§ **To do**
Output all of the data below without changing a word, and exclude the pictures.

§ **Dataset excerpt**
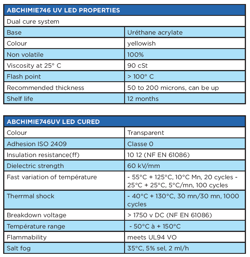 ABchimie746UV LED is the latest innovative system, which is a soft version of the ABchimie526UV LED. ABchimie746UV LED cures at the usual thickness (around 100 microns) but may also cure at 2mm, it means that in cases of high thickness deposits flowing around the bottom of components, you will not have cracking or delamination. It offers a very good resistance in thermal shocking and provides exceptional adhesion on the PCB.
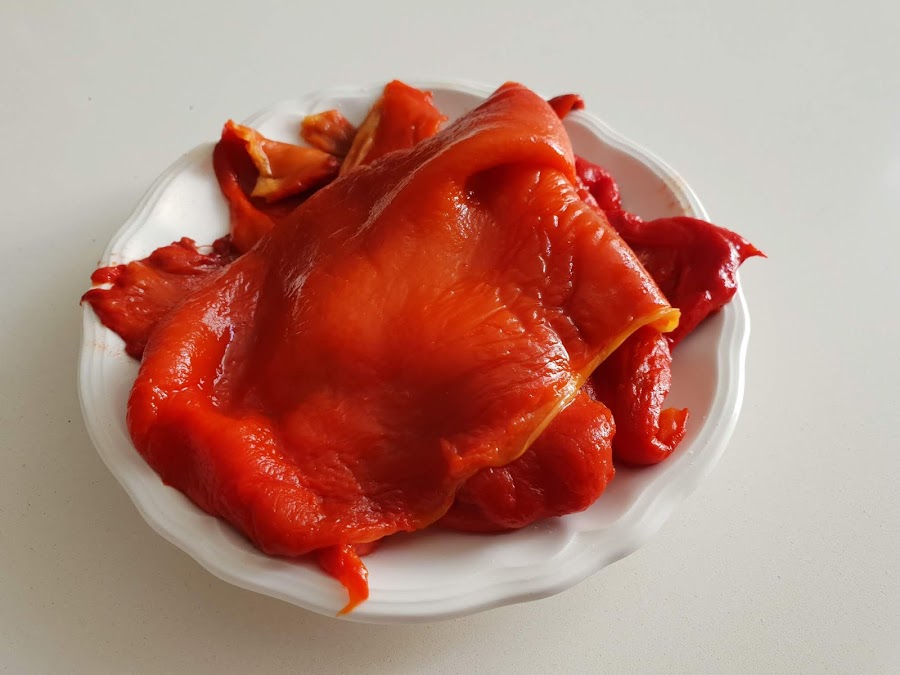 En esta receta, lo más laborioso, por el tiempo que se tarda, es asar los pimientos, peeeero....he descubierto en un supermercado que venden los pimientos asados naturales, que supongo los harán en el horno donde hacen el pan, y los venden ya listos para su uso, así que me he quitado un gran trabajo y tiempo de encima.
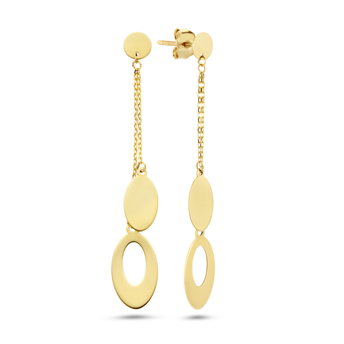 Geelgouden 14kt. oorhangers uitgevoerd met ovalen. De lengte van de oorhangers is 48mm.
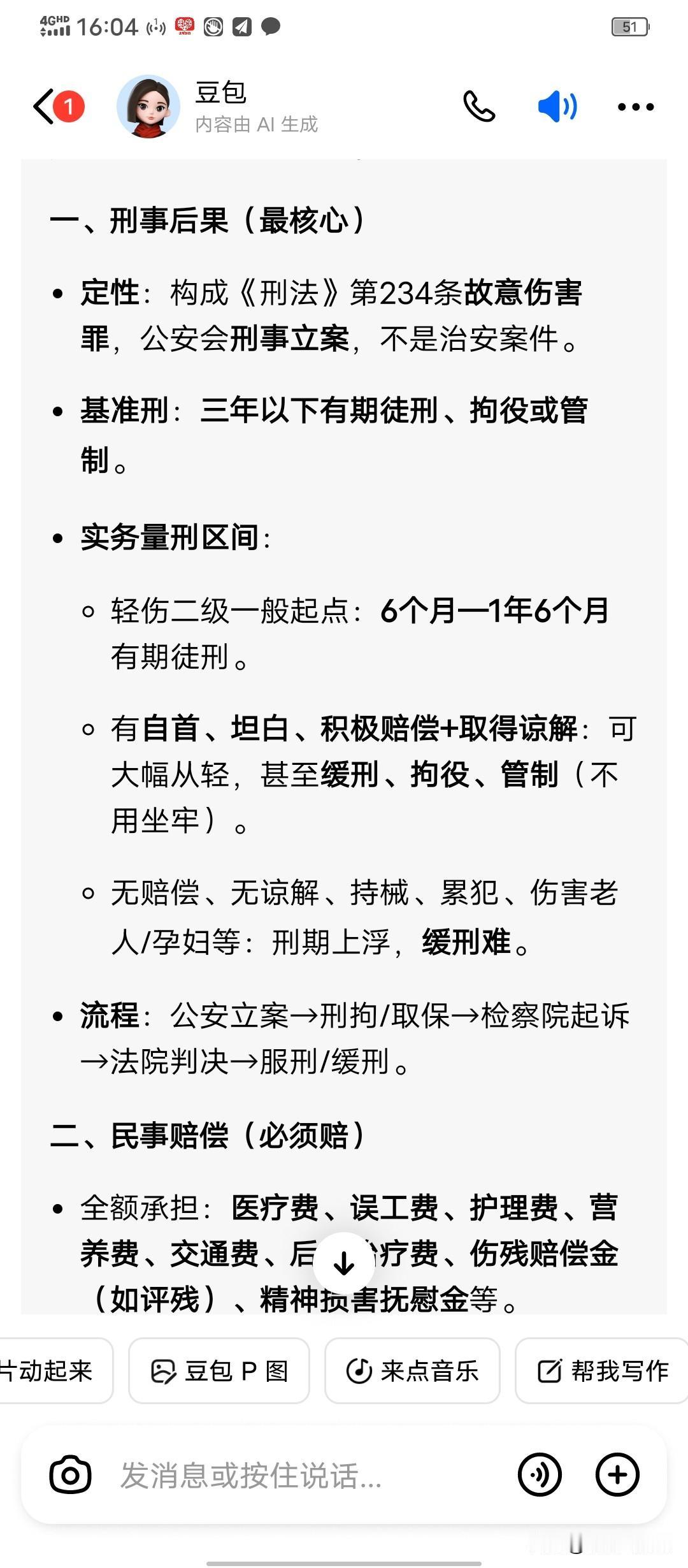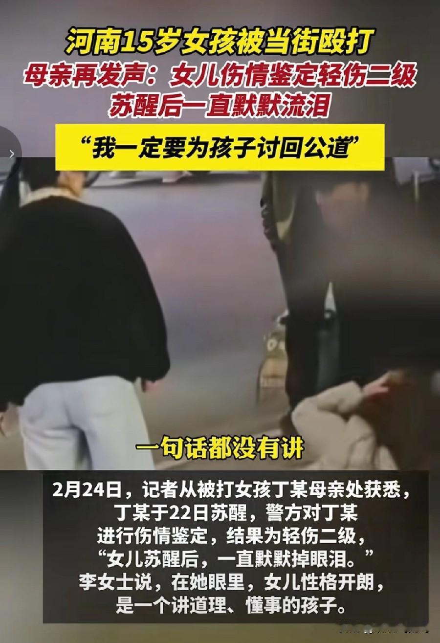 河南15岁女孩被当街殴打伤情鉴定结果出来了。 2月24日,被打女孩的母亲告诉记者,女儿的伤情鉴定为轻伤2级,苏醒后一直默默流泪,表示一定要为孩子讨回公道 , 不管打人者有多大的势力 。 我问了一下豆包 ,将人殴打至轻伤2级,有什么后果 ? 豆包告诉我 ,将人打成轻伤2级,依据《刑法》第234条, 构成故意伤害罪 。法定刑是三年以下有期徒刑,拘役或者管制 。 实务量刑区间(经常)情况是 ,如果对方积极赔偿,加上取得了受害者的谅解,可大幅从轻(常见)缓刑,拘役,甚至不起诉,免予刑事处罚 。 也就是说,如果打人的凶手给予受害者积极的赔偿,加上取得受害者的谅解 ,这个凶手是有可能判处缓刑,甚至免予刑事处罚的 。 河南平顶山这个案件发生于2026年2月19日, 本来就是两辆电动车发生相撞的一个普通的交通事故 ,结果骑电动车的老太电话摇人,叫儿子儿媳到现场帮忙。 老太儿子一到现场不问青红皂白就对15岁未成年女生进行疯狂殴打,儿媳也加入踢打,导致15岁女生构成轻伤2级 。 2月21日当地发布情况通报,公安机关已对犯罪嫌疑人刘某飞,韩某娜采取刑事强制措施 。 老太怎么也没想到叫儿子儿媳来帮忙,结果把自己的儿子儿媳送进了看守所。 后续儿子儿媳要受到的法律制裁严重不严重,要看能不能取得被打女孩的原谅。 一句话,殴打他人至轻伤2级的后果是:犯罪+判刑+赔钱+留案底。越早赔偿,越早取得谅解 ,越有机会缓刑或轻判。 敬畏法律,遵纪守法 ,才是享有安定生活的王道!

§ **Reply**
 ABchimie746UV LED is the latest innovative system, which is a soft version of the ABchimie526UV LED. ABchimie746UV LED cures at the usual thickness (around 100 microns) but may also cure at 2mm, it means that in cases of high thickness deposits flowing around the bottom of components, you will not have cracking or delamination. It offers a very good resistance in thermal shocking and provides exceptional adhesion on the PCB.
 En esta receta, lo más laborioso, por el tiempo que se tarda, es asar los pimientos, peeeero....he descubierto en un supermercado que venden los pimientos asados naturales, que supongo los harán en el horno donde hacen el pan, y los venden ya listos para su uso, así que me he quitado un gran trabajo y tiempo de encima.
 Geelgouden 14kt. oorhangers uitgevoerd met ovalen. De lengte van de oorhangers is 48mm.
 河南15岁女孩被当街殴打伤情鉴定结果出来了。 2月24日,被打女孩的母亲告诉记者,女儿的伤情鉴定为轻伤2级,苏醒后一直默默流泪,表示一定要为孩子讨回公道 , 不管打人者有多大的势力 。 我问了一下豆包 ,将人殴打至轻伤2级,有什么后果 ? 豆包告诉我 ,将人打成轻伤2级,依据《刑法》第234条, 构成故意伤害罪 。法定刑是三年以下有期徒刑,拘役或者管制 。 实务量刑区间(经常)情况是 ,如果对方积极赔偿,加上取得了受害者的谅解,可大幅从轻(常见)缓刑,拘役,甚至不起诉,免予刑事处罚 。 也就是说,如果打人的凶手给予受害者积极的赔偿,加上取得受害者的谅解 ,这个凶手是有可能判处缓刑,甚至免予刑事处罚的 。 河南平顶山这个案件发生于2026年2月19日, 本来就是两辆电动车发生相撞的一个普通的交通事故 ,结果骑电动车的老太电话摇人,叫儿子儿媳到现场帮忙。 老太儿子一到现场不问青红皂白就对15岁未成年女生进行疯狂殴打,儿媳也加入踢打,导致15岁女生构成轻伤2级 。 2月21日当地发布情况通报,公安机关已对犯罪嫌疑人刘某飞,韩某娜采取刑事强制措施 。 老太怎么也没想到叫儿子儿媳来帮忙,结果把自己的儿子儿媳送进了看守所。 后续儿子儿媳要受到的法律制裁严重不严重,要看能不能取得被打女孩的原谅。 一句话,殴打他人至轻伤2级的后果是:犯罪+判刑+赔钱+留案底。越早赔偿,越早取得谅解 ,越有机会缓刑或轻判。 敬畏法律,遵纪守法 ,才是享有安定生活的王道!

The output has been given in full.